Regarding mutualization, Rosas believes that “It cannot be applied retroactively to offset the Isapres debt, because the excess collection existed and is not extinguished by those who were not overcharged (that was the reasoning behind the ‘mutualization’) and there is no space or neither technical nor political to insist on that path.”

The parliamentarian indicates that the indications must be precise, since “they must make it clear that the isapres nor their related companies can go bankrupt and create a new isapre, in order not to pay their obligations” and neither “can they imply a forgiveness of the debt and non-compliance of the Supreme Court ruling.”

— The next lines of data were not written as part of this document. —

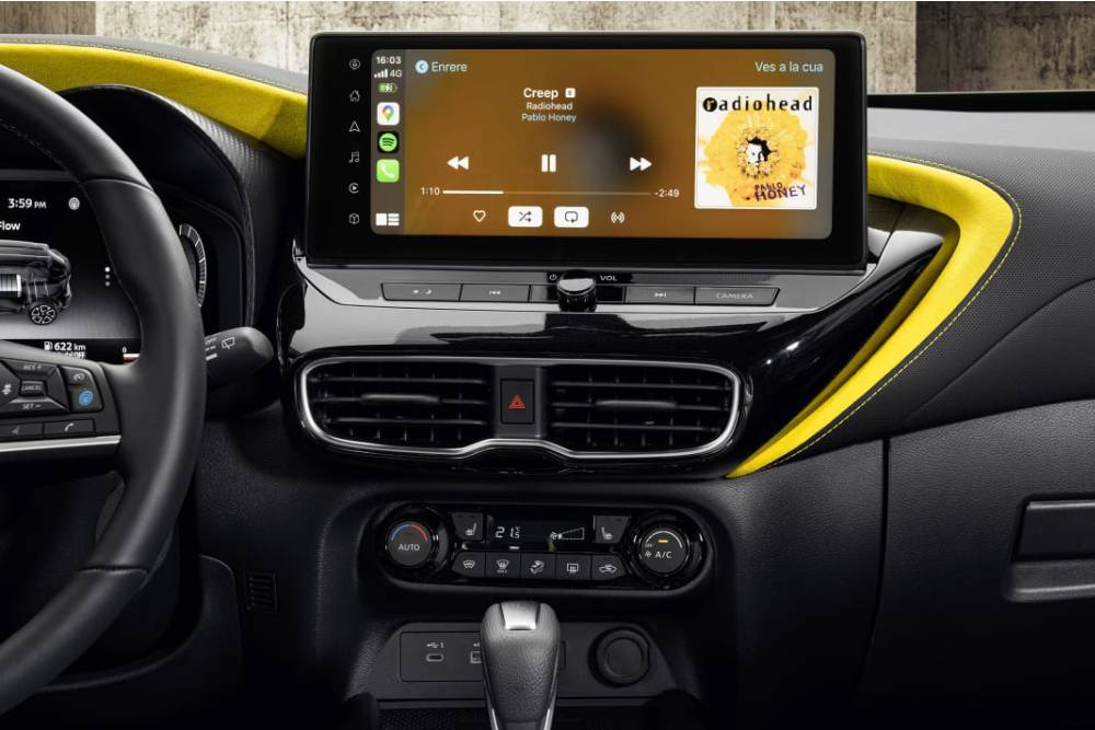 Το δεύτερο -και κυριότερο- σημείο που κεντρίζει τα βλέμματα, είναι η νέα οθόνη των 12,3 ιντσών στην κορυφή του ταμπλό για το σύστημα πολυμέσων. Σχεδόν διπλάσιας διάστασης από του σημερινού Juke (8 ίντσες) και με αναβαθμισμένα γραφικά, ανεβάζει επίπεδο τόσο το διάκοσμο όσο και την ψηφιακότητα της καμπίνας. Ψαγμένη αλλαγή και η αντικατάσταση της κάμερας οπισθοπορείας των 0,3 megapixel, με μια πολύ ευκρινέστερη 1,3 megapixel. Στο κορυφαίο N-Sport παίρνεις δερμάτινες επενδύσεις και διάφορες λεπτομέρειες (ταμπλό, ραφές, προσκέφαλα) στο χρώμα του αμαξώματος, μαζί με μπάκετ καθίσματα και ηχοσύστημα της Bose.
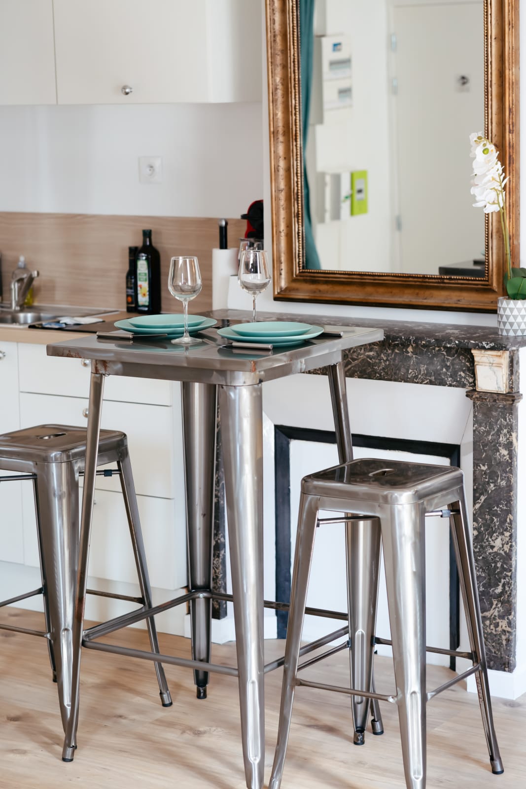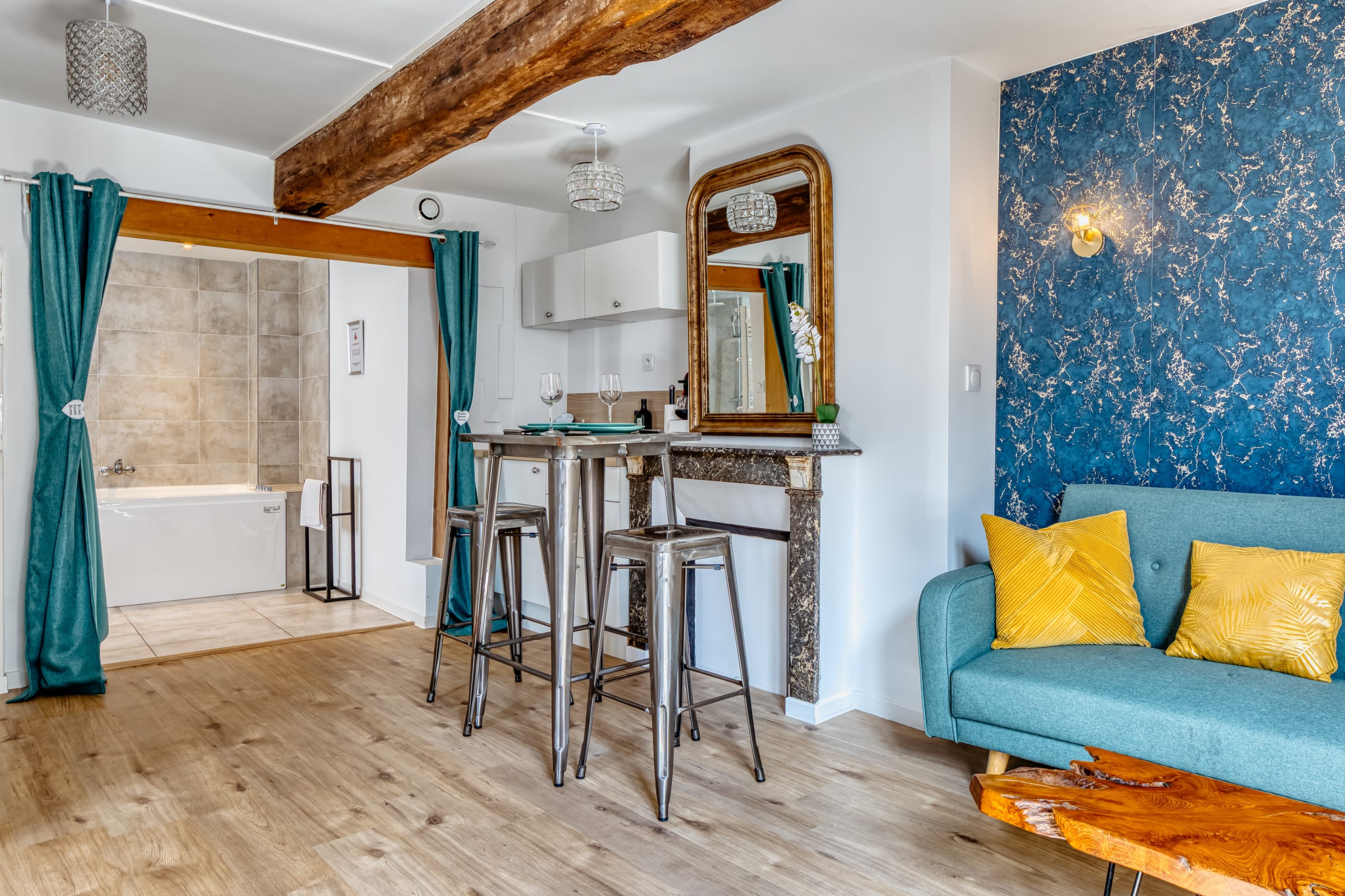 As soon as you walk through the door, natural light envelops you and reveals a warm interior, enhanced by parquet flooring that adds character and softness to the whole space. The living room harmoniously combines style and functionality: a 160 cm double bed invites you to relax in a pleasant atmosphere, while a high table allows you to share a meal for two or work from home in an inspiring setting. The fully equipped kitchen is at your disposal to prepare delicious meals, with everything you need at your fingertips: hob, microwave, Nespresso coffee machine, kettle, toaster, small refrigerator, and crockery.
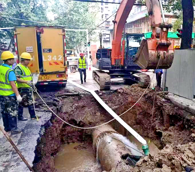 “應(yīng)急預(yù)案啟動(dòng),各工種人員均第一時(shí)間到達(dá)現(xiàn)場(chǎng),設(shè)備調(diào)配、車輛調(diào)度、交通疏導(dǎo),緊張有序的迅速展開(kāi)?!睋屝蕃F(xiàn)場(chǎng)負(fù)責(zé)人說(shuō)道,技術(shù)人員發(fā)現(xiàn),管道漏水處情況較為復(fù)雜,一是塌陷面積較大,增加了施工難度;二是該路段屬于老城區(qū),破管上方有電纜,挖掘機(jī)臂膀無(wú)法伸展,必要時(shí)只能采取人工開(kāi)挖,以確保安全。按照經(jīng)驗(yàn)和常規(guī)操作,預(yù)計(jì)次日凌晨2時(shí)左右搶修完畢恢復(fù)供水。

For insurers, The most important thing is that the methodology determined allows for restoring balance in the system, complying with the rulings of the Supreme Court, in order to allow continuity in the coverage of people, who – they assure – are seriously threatened.

They assume that they will not receive the profits in 10 years and that the amount of 1.18 billion dollars to be paid, which the Executive proposes, is a threatening figure for some insurers. However, Another factor that also worries the Isapres is time, given that, if there is no clarity about the future as soon as possible, some could go bankrupt before having received a response from the political world.

After 4 p.m. yesterday, the Isapres Association shared a statement (Declaration Agich 220324 (1)) in which they referred to the ruling of the TC. “The Court has not indicated that it is unconstitutional to use mutualization, since none of the applicants requested an analysis of the matter. Therefore, this option remains valid, although its application depends on the Executive.”

The union pointed out that “while this is being debated, the private health sector is going through a serious crisis that has lasted 18 months, with an impact on patients and providers” and that “the crucial thing is that the solution allows for the restoration of financial balance, the only way to normalize the operation of the isapres, comply with the rulings and avoid harmful systemic effects.”